A back-transformed confidence interval is given by

(g-1( û – t × seu), g-1( û + t × seu))

where t is the upper (1-`CIPROBABILITY`)/2 critical value for the t distribution. Note that, when the degrees of freedom have not been set using the `DF` parameter, the z-score (i.e. the Normal distribution) is used to construct the confidence interval instead of the t-value. For the logratio and reciprocal transformations, when the estimated mean and confidence
limit on the transformed scale lie on different sides of the singularity in the inverse function
of the transformation, the back-transformed confidence limit is set to a missing value.

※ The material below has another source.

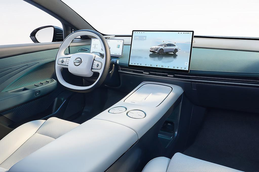 با گشودن در نیسان N7 و پا گذاشتن به فضای داخلی آن، بلافاصله با طراحی مدرن و آیندهنگرانه کابین مواجه میشویم که بر پایه سادگی و فناوری بنا شده است. موردی که در وهله اول جلب توجه میکند، حذف گسترده دکمههای فیزیکی و جایگزینی آنها با یک نمایشگر مرکزی بزرگ ۱۵.۶ اینچی لمسی است.

An approximate confidence interval

(ӯ – t × seӯ, ӯ + t × seӯ)

is also provided. However, this should be used only to evaluate the validity of the approximate standard error. If the back-transformed and approximate confidence intervals differ greatly, the approximate standard error is inadequate.

### Action with `RESTRICT`

BACKTRANSFORM will work when MEANS and/or SEMEANS supplies a restricted variate; however, if both variates are restricted they must be restricted in the same way. Furthermore, their unrestricted length must be the same.

Jørgensen, E., & Pedersen, A.R. (1998). How to obtain those nasty standard errors from transformed data – and why they shouldn’t be used. Biometry Research Unit, Danish Institute of Agricultural Sciences.

Directives: `AKEEP`, `PREDICT`, `VPREDICT`.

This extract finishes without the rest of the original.